S2X324 a également réagi de manière croisée avec le sarbecovirus clade 1b mais n’a pas reconnu les sarbecovirus plus éloignés sur le plan de l’évolution. En outre, S2X324 a inhibé la liaison du SARS-CoV-2 RBD à l’enzyme de conversion de l’angiotensine humaine 2 (ACE2) d’une manière dépendante de la concentration, telle que mesurée par un dosage immuno-enzymatique de compétition. De plus, il a induit une excrétion prématurée lente de la sous-unité S1 de la protéine S.
Les chercheurs ont déterminé une structure de cryo-microscopie électronique de l’Omicron BA.1 S lié au fragment S2X324 Fab à une résolution de 3,1 Å, qui a montré que l’inhibition du SARS-CoV-2 médiée par S2X324 impliquait le blocage de la liaison ACE2.
conclusion
Comprendre comment une exposition antérieure à un antigène via une vaccination ou une infection pourrait façonner la réponse immunitaire à une ou plusieurs infections ultérieures avec une variante différente du SRAS-CoV-2 pourrait aider à développer des stratégies pour lutter contre la pandémie de COVID-19 en cours.
Jusqu’à présent, toutes les études se sont concentrées exclusivement sur les anticorps sériques et l’immunité systémique à médiation cellulaire pour combattre le COVID-19. Cependant, la surface de la muqueuse respiratoire interagit d’abord avec le SRAS-CoV-2, qui pénètre par les voies respiratoires supérieures.
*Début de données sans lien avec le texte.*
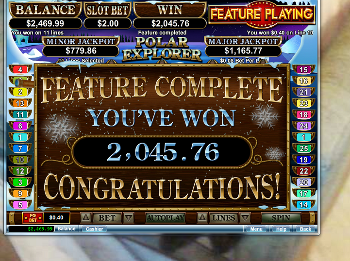 FINALMENTE... algo decente no Expresso Polar! Nem de longe tão bom quanto a vitória do Gunny! Poucos momentos depois... consegui uma bela rodada bônus no Dragão Místico, outro slot em que raramente me saio bem.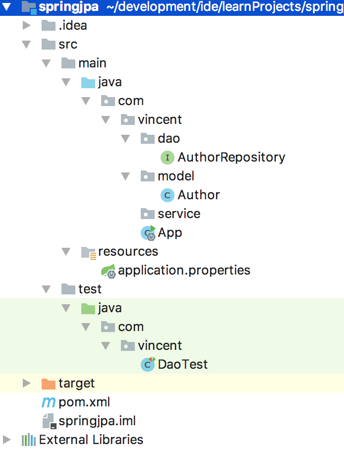 <project xmlns="http://maven.apache.org/POM/4.0.0" xmlns:xsi="http://www.w3.org/2001/XMLSchema-instance" xsi:schemaLocation="http://maven.apache.org/POM/4.0.0 http://maven.apache.org/xsd/maven-4.0.0.xsd"> <modelVersion>4.0.0</modelVersion> <groupId>com.vincent</groupId> <artifactId>springjpa</artifactId> <version>1.0-SNAPSHOT</version> <packaging>jar</packaging> <parent> <groupId>org.springframework.boot</groupId> <artifactId>spring-boot-starter-parent</artifactId> <version>1.5.9.RELEASE</version> <relativePath/> </parent> <name>springjpa</name> <url>http://maven.apache.org</url> <properties> <project.build.sourceEncoding>UTF-8</project.build.sourceEncoding> </properties> <dependencies> <dependency> <groupId>org.springframework.boot</groupId> <artifactId>spring-boot-starter-data-jpa</artifactId> </dependency> <dependency> <groupId>mysql</groupId> <artifactId>mysql-connector-java</artifactId> </dependency> <dependency> <groupId>junit</groupId> <artifactId>junit</artifactId> <version>4.12</version> <scope>test</scope> </dependency> <dependency> <groupId>org.springframework.boot</groupId> <artifactId>spring-boot-test</artifactId> <scope>test</scope> </dependency> <dependency> <groupId>org.springframework</groupId> <artifactId>spring-test</artifactId> <scope>test</scope> </dependency> </dependencies> </project>

Cela soulève la possibilité d’explorer l’immunité muqueuse à des fins thérapeutiques ou prophylactiques bénéfiques.
L’étude actuelle concluant que les infections par le SRAS-CoV-2 provoquent une activité neutralisante dans la muqueuse nasale est importante. Il indique la faisabilité de développer des vaccins qui pourraient être administrés par voie intranasale, c’est-à-dire au site d’entrée du SRAS-CoV-2. Récemment, une évaluation préclinique d’un vaccin à large spectre contre le sarbecovirus a démontré l’induction d’une immunité humorale et cellulaire protectrice des muqueuses pulmonaires dans la muqueuse nasale. En effet, ces observations aideraient au développement et à l’évaluation de la prochaine génération de vaccins COVID-19, peut-être ceux qui pourraient être administrés par voie intranasale.